(WHAT YOU SHOULD DO): Further down are entries; set down exactly and only the lines from the one with "This design is" up to and including the one with "Детский сад и", dropping each picture.

(GIVEN RECORDS):
== == ==

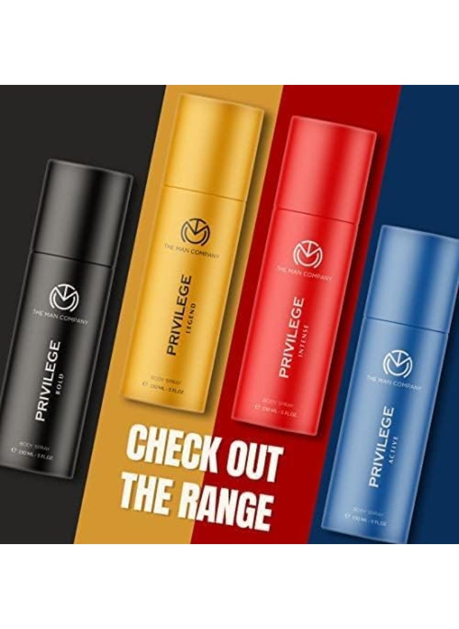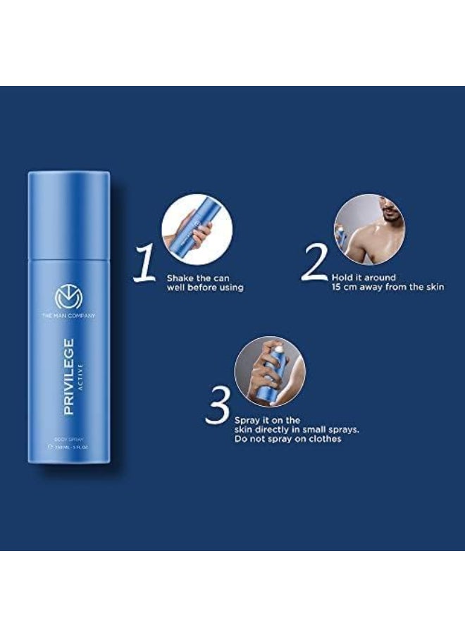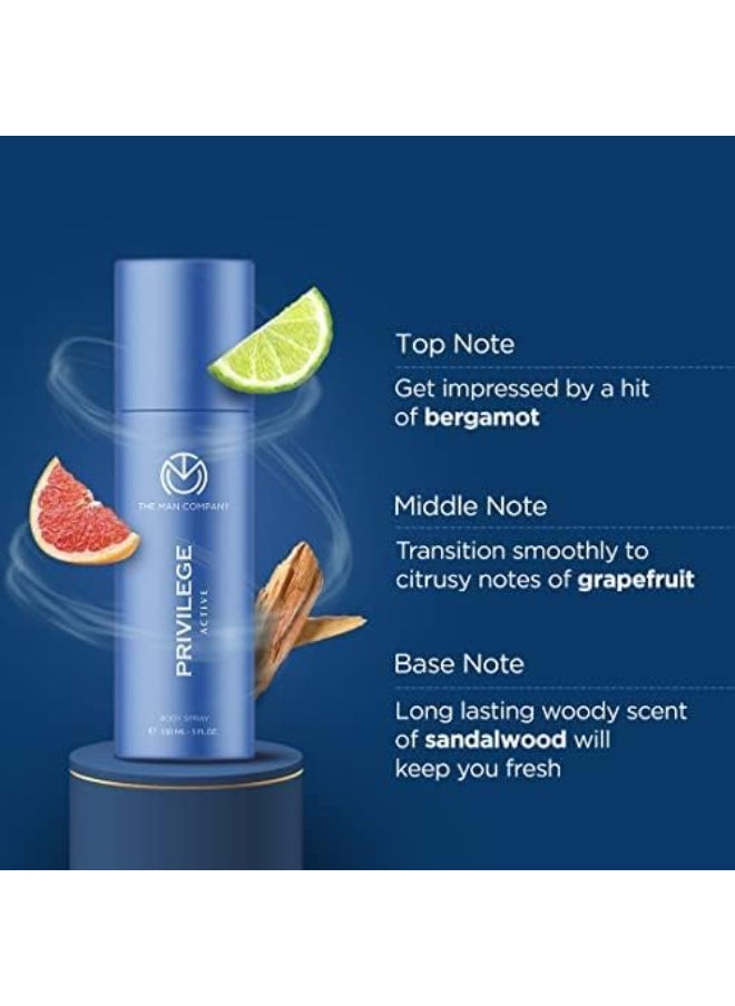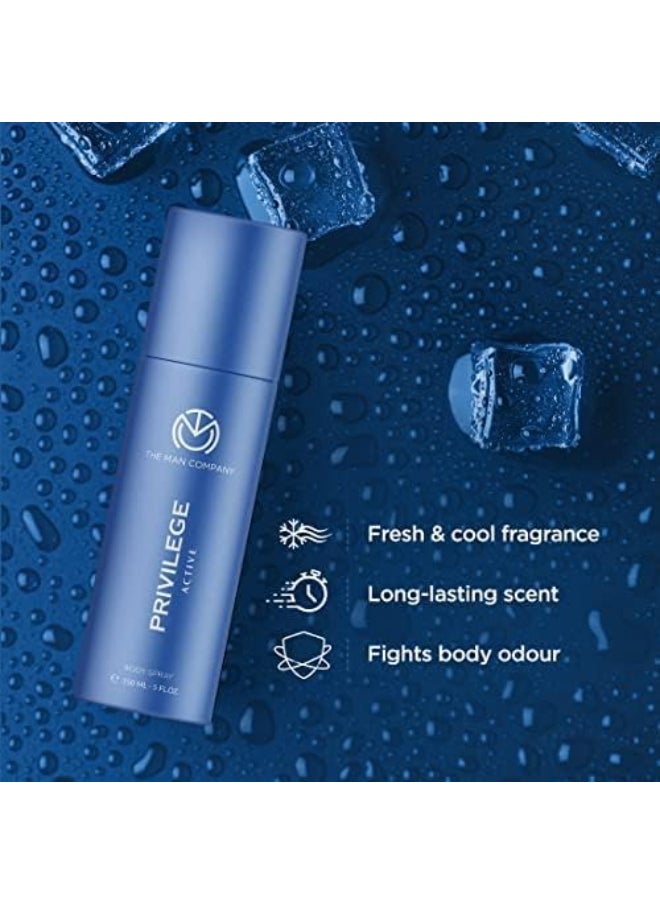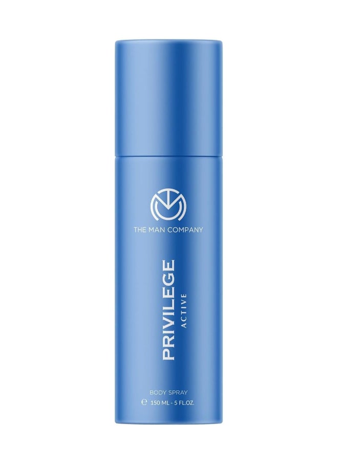 إذا كنت تبحث عن رائحة تعبر عن شخصيتك الفريدة وترافقك لفترات طويلة، فإن بخاخ Privilege Active هو خيارك الأمثل. يتميز بعبيره الافتتاحي الذي ينعش الحواس وبقوته التي تصمد في مواجهة التحديات اليومية.
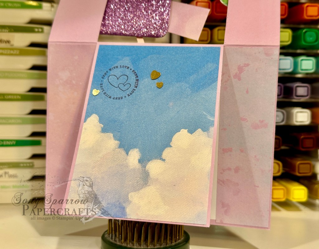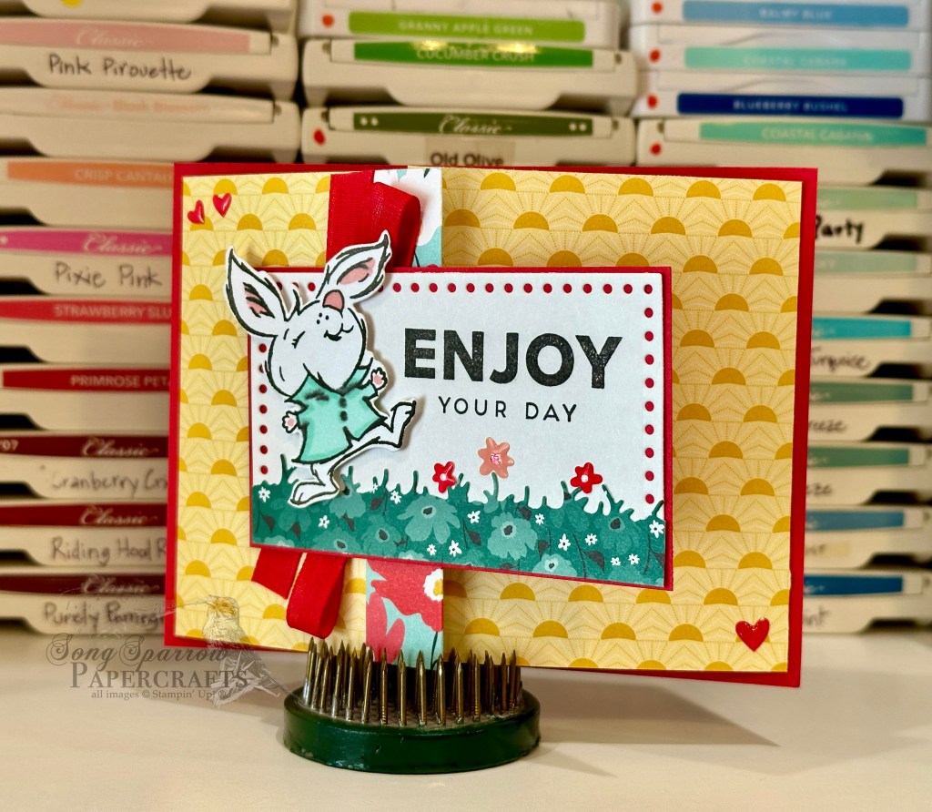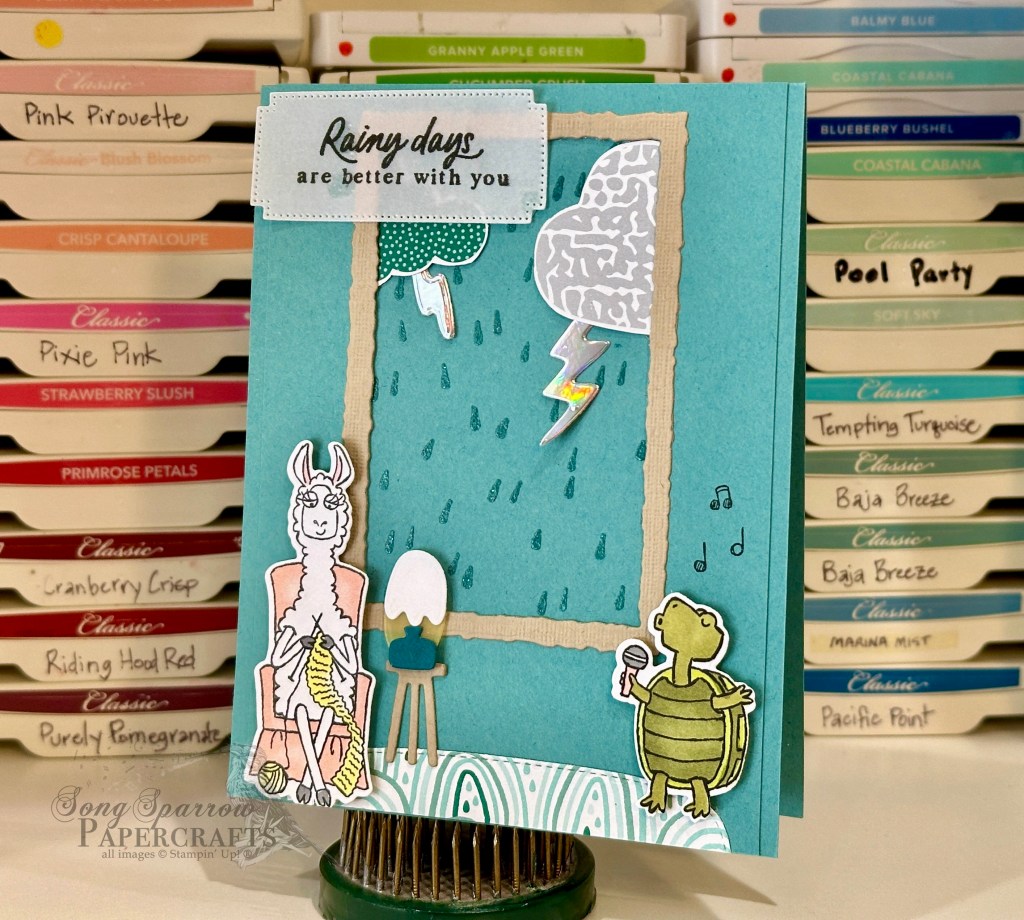 This design is a combination of some of my favorite patterned paper — Everyday Skies — with two of my favorite pick-me-up stamp bundles — Playing in the Rain and Bright Skies. Both of these stamp bundles are on the current Last Chance list, so if you love them as much as I do, now is the time to swipe them for your stash! For today’s design, we’re keeping it pretty simple because these three products work super well together.
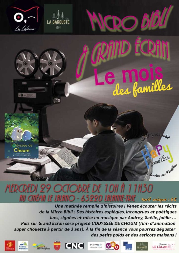 Puis vous assisterez grâce à Grand Écran, à la projection de L’ODYSSÉE DE CHOUM (film d’animation super chouette à partir de 3 ans). À la fin de la séance vous pourrez déguster
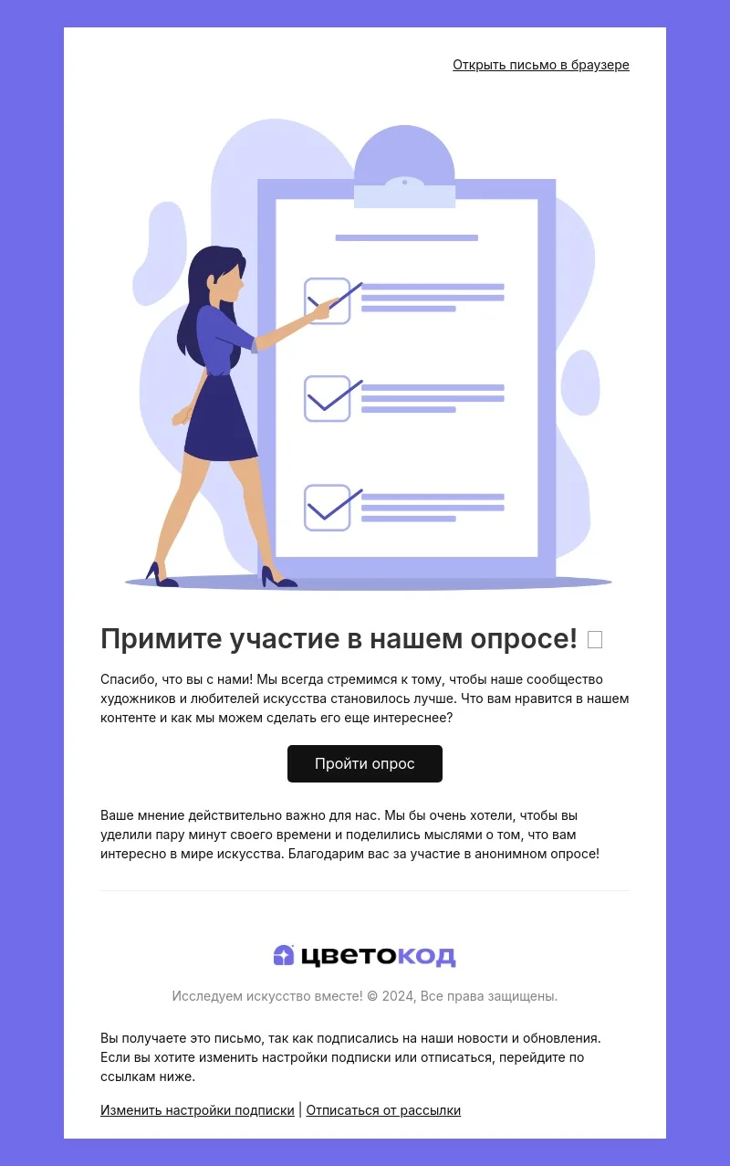 При помощи email-шаблона «Как улучшить мир искусства» вы сможете провести опрос и собрать обратную связь — такая рассылка может быть актуальна не только в сфере культуры. Шаблон пригодится всем: НКО, образовательным учреждениям, медицине, бизнесу и компании в любой сфере. Письмо поможет собрать реальные отзывы об услугах и товарах, повысить клиентоориентированность и улучшить качество продукта и сервиса.
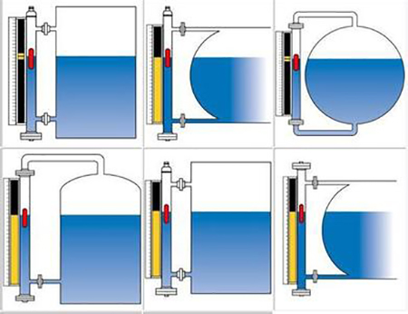 根據(jù)浮力原理,浮子在測量管內隨液位的升降而上、下移動,浮子內的永久磁鋼通過耦合作用,驅動紅、白色翻柱翻轉180°,液位上升時翻柱由白色轉為紅色,下降時由紅色轉為白色,從而實現(xiàn)液位指示。
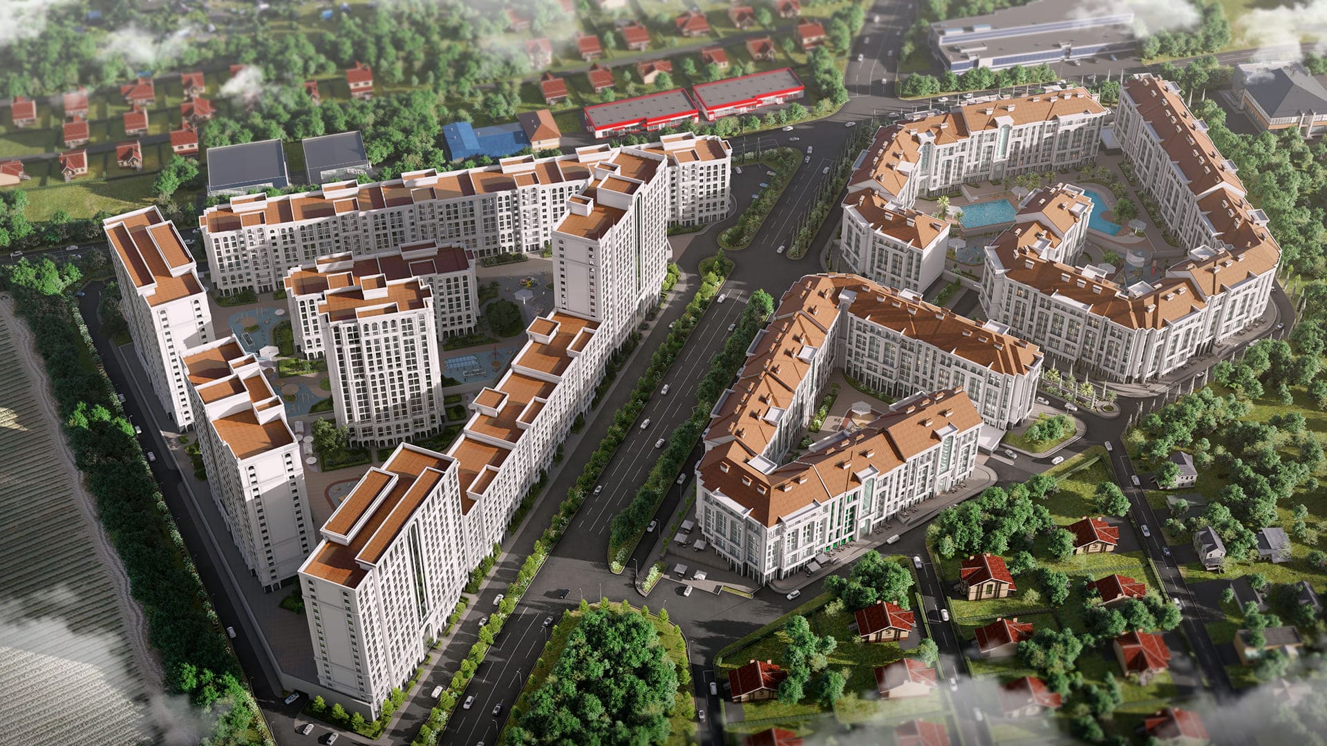 Детский сад и школа на 1750 мест, большие бассейны и прогулочные аллеи
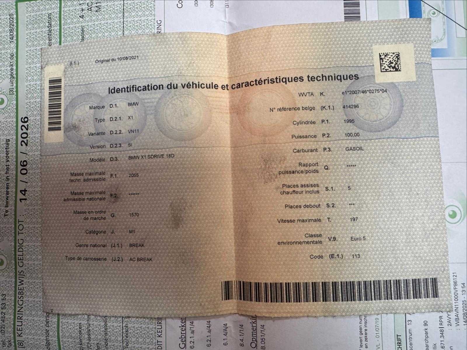 De wagen bevindt zich in gebruikte staat. Volgende opties zijn aanwezig: -Automatische airco. -Lederen zetelbekleding. -Parkeersensoren achteraan. No Merk: Bmw Model: X1 Sdrive 18D 136 pk Type: Suv Bouwjaar: 2011 Afgelezen kilometerstand: 195826km Cilinderinhoud: 1995cc Vermogen (kW): 100kW Brandstof: Diesel Chassisnummer: WBAVN11000VP86121 Datum eerste toelating: 03/08/2011 Aantal zitplaatsen: 5 Kleur: Zwart Transmissie: Automaat Emissieklasse: Euro 5 Aantal deuren: 5 Carrosserie: Suv Nationaliteit documenten: Belgisch Gelijkvormigheidsattest aanwezig: true Vavato voert geen technische keuring uit.: true Airconditioning: true Leder bekleed: true

== == ==

(ANSWER TO THIS PROBLEM):
 This design is a combination of some of my favorite patterned paper — Everyday Skies — with two of my favorite pick-me-up stamp bundles — Playing in the Rain and Bright Skies. Both of these stamp bundles are on the current Last Chance list, so if you love them as much as I do, now is the time to swipe them for your stash! For today’s design, we’re keeping it pretty simple because these three products work super well together.
 Puis vous assisterez grâce à Grand Écran, à la projection de L’ODYSSÉE DE CHOUM (film d’animation super chouette à partir de 3 ans). À la fin de la séance vous pourrez déguster
 При помощи email-шаблона «Как улучшить мир искусства» вы сможете провести опрос и собрать обратную связь — такая рассылка может быть актуальна не только в сфере культуры. Шаблон пригодится всем: НКО, образовательным учреждениям, медицине, бизнесу и компании в любой сфере. Письмо поможет собрать реальные отзывы об услугах и товарах, повысить клиентоориентированность и улучшить качество продукта и сервиса.
 根據(jù)浮力原理,浮子在測量管內隨液位的升降而上、下移動,浮子內的永久磁鋼通過耦合作用,驅動紅、白色翻柱翻轉180°,液位上升時翻柱由白色轉為紅色,下降時由紅色轉為白色,從而實現(xiàn)液位指示。
 Детский сад и школа на 1750 мест, большие бассейны и прогулочные аллеи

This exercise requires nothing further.